Phase 1 (this release) ships Layer A: the data structs, `ALLM.Validate`,
`ALLM.Serializer`, and the constructors on this facade. Layers B/C/D
(engines, adapters, streaming, sessions) land in later phases.

## Getting Started

Drive a `chat/3` round-trip against the deterministic `ALLM.Providers.Fake`
adapter — no API key, no network.

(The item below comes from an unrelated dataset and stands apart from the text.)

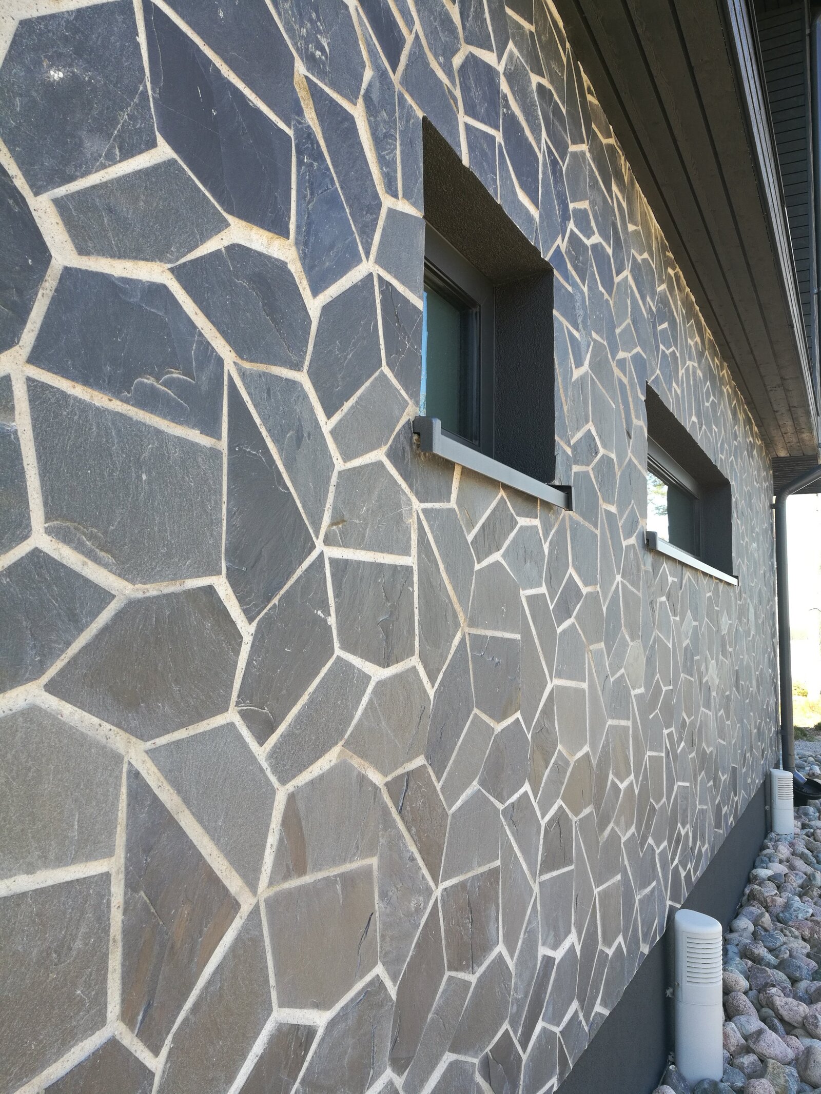 Verkotettu musta liuskekivi koostuu sahatuista kivenpalasista. Verkkoon on liimattu 7 palaa yhdelle arkille. Liuskekivet ovat valmiiksi sommiteltu muoviverkkoon ja eikä edes hinnalla pilattu kokonaisuus. Pieniin kohteisiin suosittelemme kuitenkin irtoliusketta verkon isokokoisuuden vuoksi.

Parallel to the README's Getting Started
snippet (kept in sync by visual review):

    iex> engine = ALLM.Engine.new(adapter: ALLM.Providers.Fake, adapter_opts: [script: [{:text, "Hello, ALLM!"}, {:finish, :stop}]])
    iex> {:ok, %ALLM.ChatResult{final_response: %ALLM.Response{output_text: text}}} = ALLM.chat(engine, [ALLM.user("Hi.")])
    iex> text
    "Hello, ALLM!"

## Example

    iex> messages = [ALLM.system("Be helpful."), ALLM.user("Name three primes.")]
    iex> req = ALLM.request(messages, model: "fake:gpt-test")
    iex> :ok = ALLM.Validate.request(req)
    iex> json = ALLM.Serializer.to_json!(req)
    iex> {:ok, ^req} = ALLM.Serializer.from_json(json)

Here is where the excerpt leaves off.